Technology

White Castle to put Flippy robots in 100 more restaurants

The burger chain is expanding its use of the automated fry cook in a big way after tests helped improve operations.
Flippy
Photograph courtesy of Miso Robotics

White Castle is bringing kitchen robots to 100 additional restaurants.

The 350-unit burger chain is doubling down on Miso Robotics' Flippy machines after more than a year of tests yielded better operations and staff productivity.

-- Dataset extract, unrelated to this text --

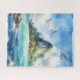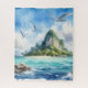 Mysteriöse Insel inmitten des Ozeans umgeben von Möwen. Und sind diese Häuser, die ich am Rande des Dschungels sehe? Im Stil einer Aquarellmalerei.

It could be the largest adoption of such technology by a U.S. restaurant chain.

“Our partnership with Miso continues to lead the way on what’s next for back-of-house restaurant operations looking to empower team members with technology to better satisfy customers,” said White Castle COO Jeff Carper in a statement.

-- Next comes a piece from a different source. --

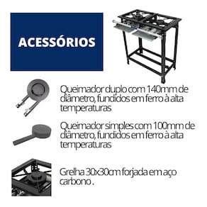 Fogão Industrial 2 Bocas Baixa Pressão P5 JCN Praticidade e durabilidade são ingredientes que tem estar em sua cozinha industrial, e é examente isso que os fogões industriais da JCN entregam. Fabricado para durar, o fogão 2 bocas baixa pressão P5 com forno da JCN possui grelhas em ferro fundido, além de contar com 1 queimadores simples e 1 queimadores duplo para reduzir o tempo de cozinhamento e atender sua demanda rapidamente! Afinal, um fogão industrial de baixa pressão é uma ótima escolha, com sua alta potência e eficiência energética, é capaz de lidar com grandes volumes de alimentos. Construído com materiais duráveis ??e de fácil limpeza, oferece controle preciso de temperatura e é perfeito para estabelecimentos movimentados que requerem desempenho confiável e eficiência. Ideal para bares, lanchonetes e restaurantes ou áreas de lazer, garantindo uma maior praticidade e qualidade no cozimento de grande quantidade de alimento. Conheça melhor o Fogão Industrial 2 Bocas Baixa Pressão P5 JCN Especificações Técnicas Material da Estrutura: Chapa de Aço Carbono Material do Registro Regulador de Gás: Zincado Material do Queimador: Ferro Fundido à alta temperatura Material dos Pés: Aço Carbono Desmontáveis e Sapatilhas de Borracha Antiderrapante Grelha: 30x30cm em Aço Carbono Mesa: Perfil 5 (50mm) Pintura: Preto Texturizado Funcionamento: À Gás Acendimento: Manual Pressão do Gás: Baixa Pressão Queimadores: 1 Queimador Simples e 1 Queimador Duplo Consumo: 300gr/hr por queimador queimador simples e 600gr/hr por queimador duplo Medidas do Produto Montado Altura: 82cm Largura: 74cm Profundidade: 49cm Peso: 16kg Garantia 3 meses contra defeito de fabricação

Flippy is a robotic arm mounted on a rail and powered by AI software. White Castle will be using the second-generation model known as Flippy 2 to work the fry station. The bot will fill fry baskets, cook the food and dump it off to be packaged and handed to the customer by human workers.

The system takes some less-desirable work off of employees' plates and allows them to focus on other things, particularly helping customers, White Castle said. It also improves food consistency.

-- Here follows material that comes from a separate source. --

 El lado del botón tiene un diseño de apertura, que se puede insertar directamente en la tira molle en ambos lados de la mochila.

The rollout will happen region by region over the coming months and years.

White Castle became the first big restaurant chain to embrace Miso's robot when it began testing it in a single restaurant in September 2020. The pilot was not without its bumps, but Miso used feedback from White Castle to develop Flippy 2, which handles more tasks than its predecessor, including filling the fryer baskets itself. White Castle installed Flippy at 10 more restaurants in November.

The latest expansion comes as restaurants are looking to automate more tasks. They are hoping robots can help ease challenges in hiring and retaining human workers as well as keep costs down amid skyrocketing inflation.